L’ingrandimento della autocoscienza del genere umano nel soggetto che sperimenta
l’esperienza estetica– che può essere dato solo in un piano utopico– è portato dal soggetto per la sua
vita empirica. Questo ci mostra che il vecchio Lukács percepisce e afferma l’esistenza di un nesso
tra la vita quotidiana e le altre sfere della vita. Questo succede come un movimento di transizione, o
come un dialogo tessuto dal soggetto tra il piano utopico e la sua realizzazione nella vita empirica.

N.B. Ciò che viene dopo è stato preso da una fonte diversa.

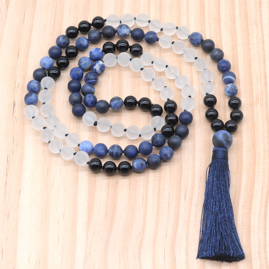 GMN370 Hand-Knotted Matte Sodalite, White Crystal & Black Agate 108 Beads Mala Necklace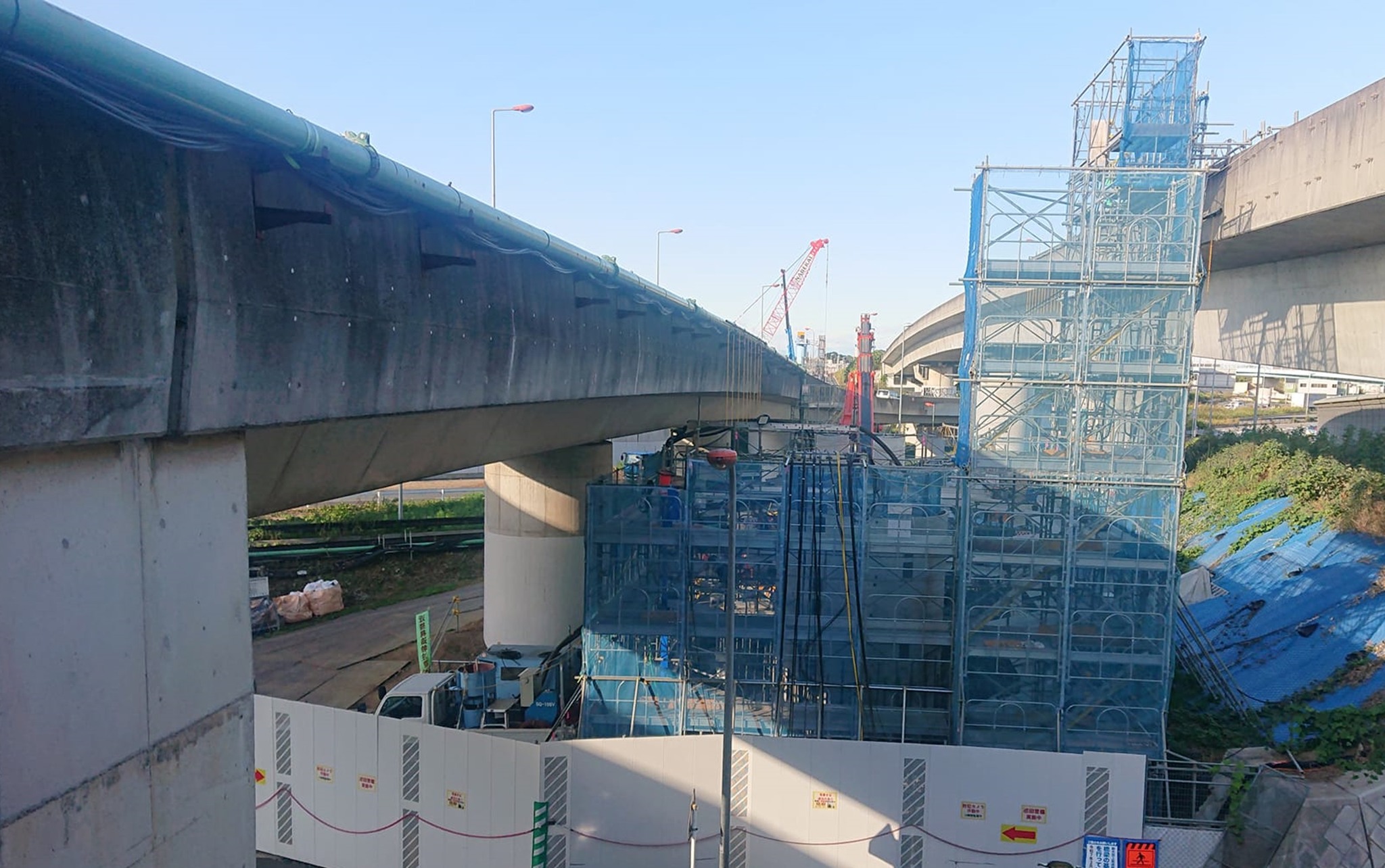 足場の先に、建設中の橋脚が。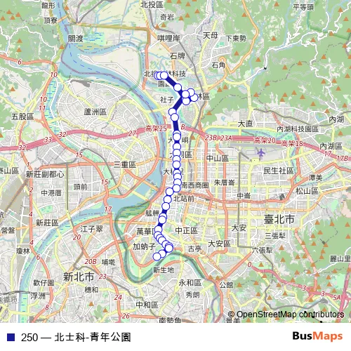 See why over 2 million users trust and consider busmaps.com as the best public transport website. busmaps gives you Taipei Buses suggested routes, real-time bus tracker, line route maps in Taipei, and helps to find the closest 250 bus stops near you. No internet available? Download an offline PDF map and bus schedule for the 250 bus to take on your trip.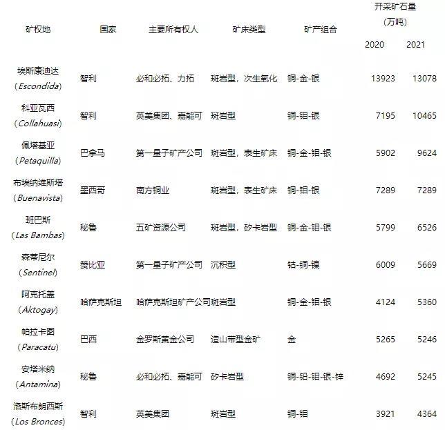 名列第一的是位于世界最大銅生產(chǎn)國(guó)智利的埃斯康迪達(dá)(Escondida)銅礦山。該礦由必和必拓公司(占57.5%股份)經(jīng)營(yíng),每天可開采礦石36萬(wàn)噸。根據(jù)前三季度產(chǎn)量,估計(jì)埃斯康迪達(dá)銅礦2021年可開采銅銀金礦石13078萬(wàn)噸。世界第二大礦業(yè)企業(yè)力拓公司持有該礦30%股份。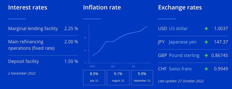 據新華財經消息,北京時間10月27日晚,歐洲央行召開貨幣政策會議,宣布再次將三大關鍵利率大幅上調75個基點,調整后的利率將于11月2日生效。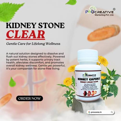 The Procreative Kidney Stone Clear Capsule is a dietary supplement formulated to support kidney health and help in the natural management of kidney stones. It is typically made from a blend of natural herbs and ingredients that have traditionally been used to support the breakdown and expulsion of kidney stones, as well as to maintain urinary tract health.
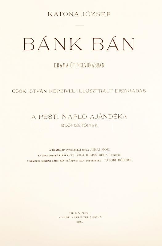 Katona József: Bánk bán. Dráma öt felvonásban. Csók István képeivel il... https://www.darabanth.com/en/208-Online-auction/208.0/Other-collectibles/Books-Other-rarities~30040/Katona-Jozsef-Bank-ban-Drama-ot-felvonasban-Csok-Istvan-kepeivel-illusztralt-diszkiadC3~II846520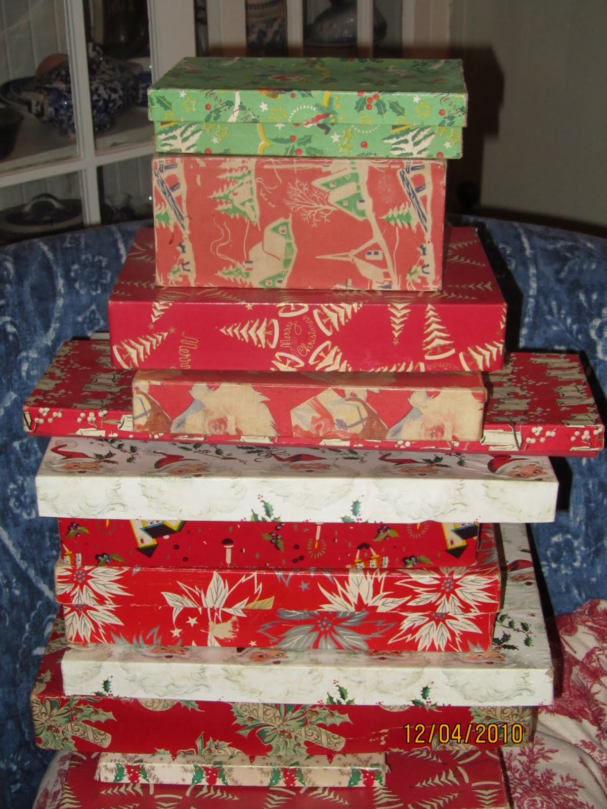 Christmas boxes seated by the fireplace…for now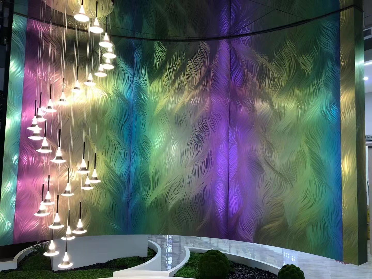 Transform your hotel lobby into a welcoming and stylish space with our rainbow brushed stainless steel decorative panels. Not only will it demonstrate your dedication to quality and design, but it will also leave a lasting impression on your guests. Elevate your decor with this unique and beautiful panel today!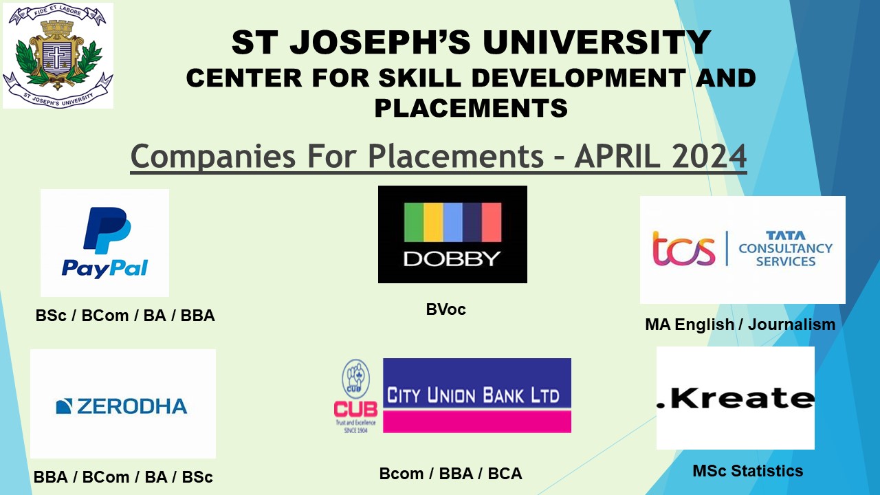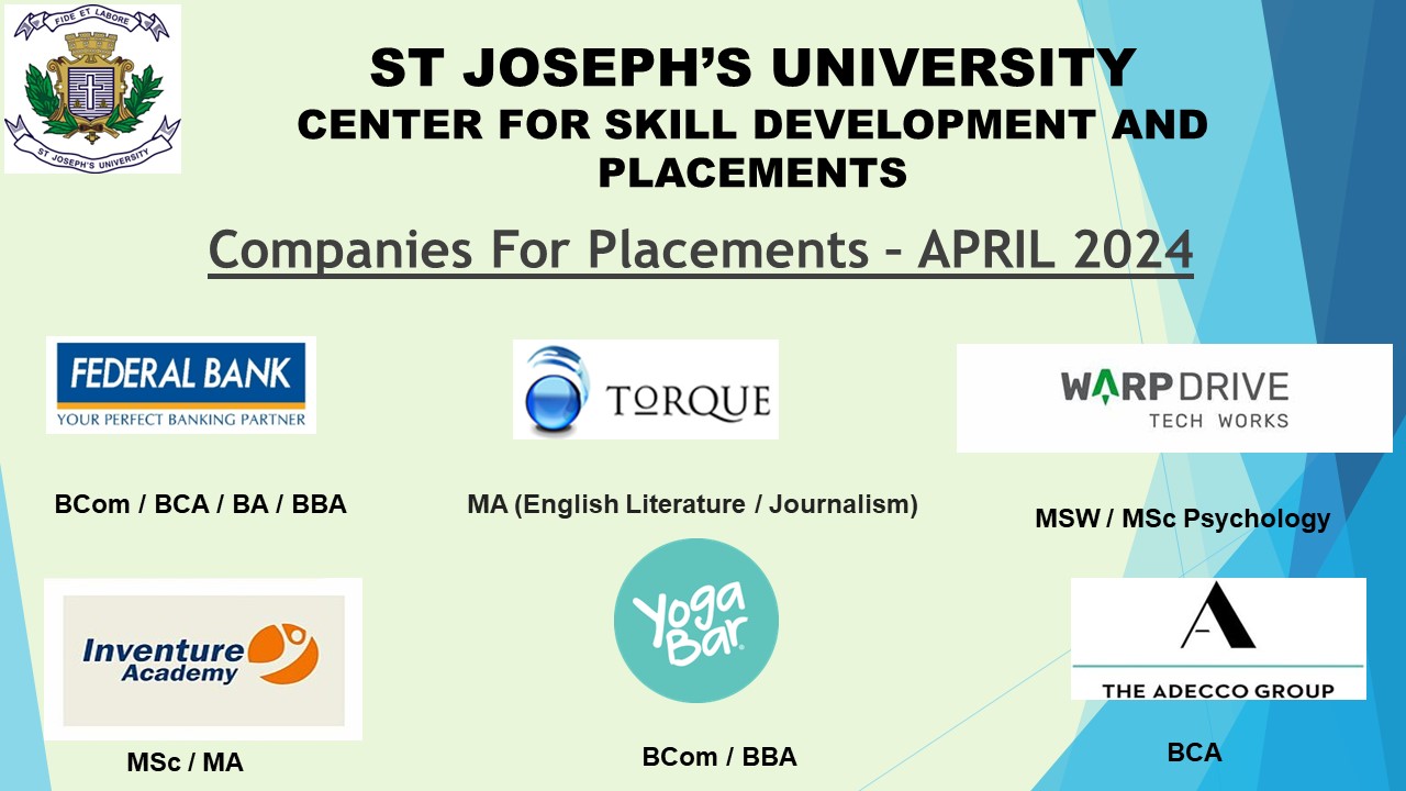 The Swiggy HR team with the 3 selected candidates on completion of the campus recruitment drive View Document → Mr Gautham Premkumar from Turing conducting a pre placement talk for the final year UG students at SJU Campus View Document → Ms Janhavi Deshpande, DGM, Talent Acquisition at Randstad conducting a pre placement talk for our final year students at SJU Campus View Document → Pre placement talk_ SBI Foundation_YouthForIndia Fellowship View Document → Companies for Placement View Document → Companies for Placement View Document → Congratulatory Posts for Placements View Document → Companies for Placement View Document → 2 Feburary 2024:Place Drive For Master of Science (MSc) in Big Data Analytics & Bachelor of Computer Applications (Data Analytics) conducted by ENATE Solutions View Document → 7 Feburary 2024:Upcoming Companies View Document →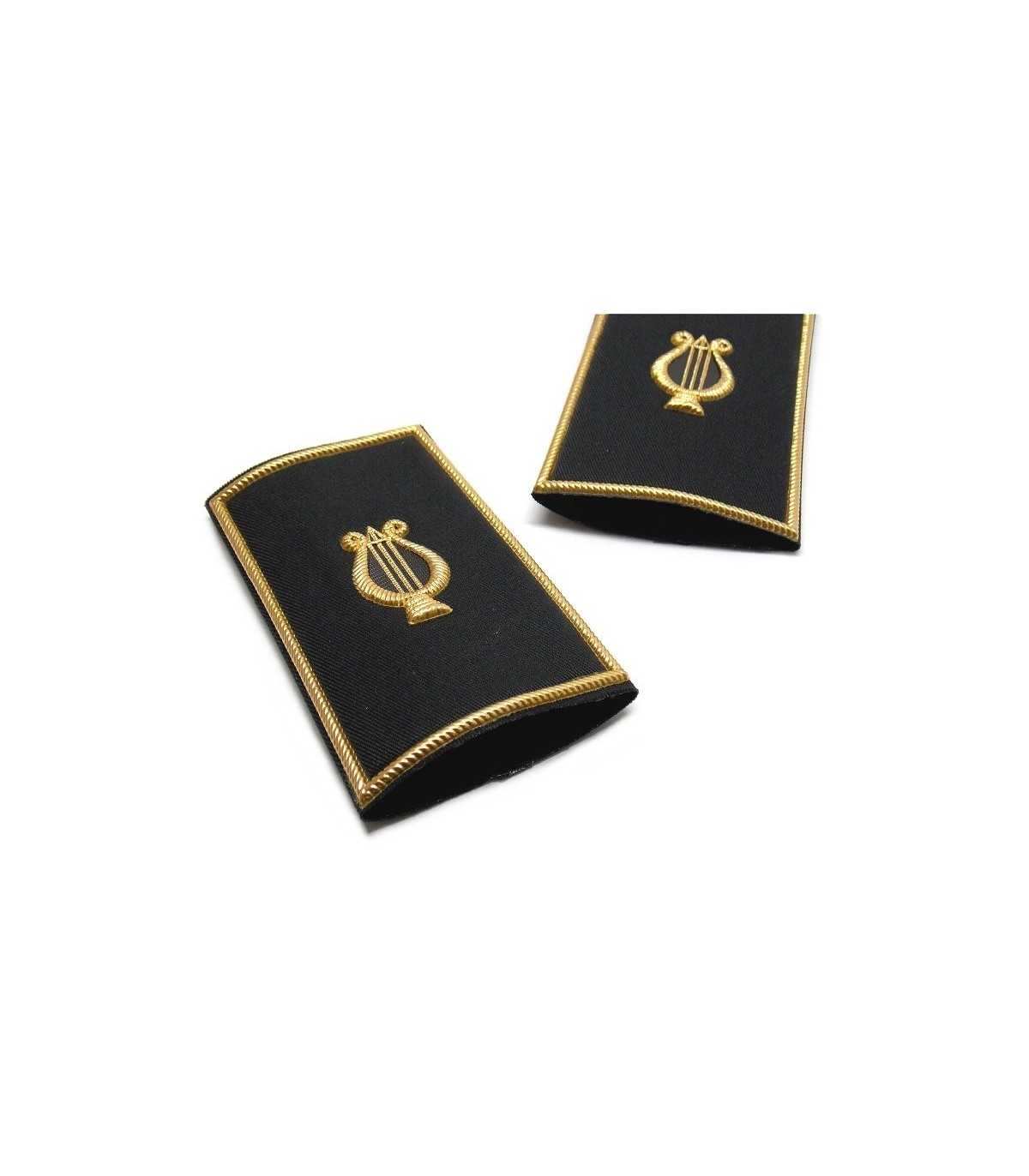 Pair of black tubulars with golden border and gold plasticized zither

Nelle prime opere di Lukács, c’era una fuga dal soggetto fruitore a un certo piano utopico che
rivelava l’immensa distanza tra il piano dell’arte e il piano della vita. Nella “Estetica” di maturità, si
troverà una transizione tra un piano e l’altro, in modo che il piano utopico, inerente all’oggetto
artistico, passa al dialogo con la vita empirica, mostrando al soggetto che l’arte e la vita sono piani
prossimi.
Viene inserito, tuttavia, all’interno delle due progetti estetici di Lukács, una discussione che
mette in evidenza la categoria dell’utopia. Quindi, questo dibattito diventa un punto centrale nella
riflessione su il rapporto soggetto-oggetto nella sfera estetica.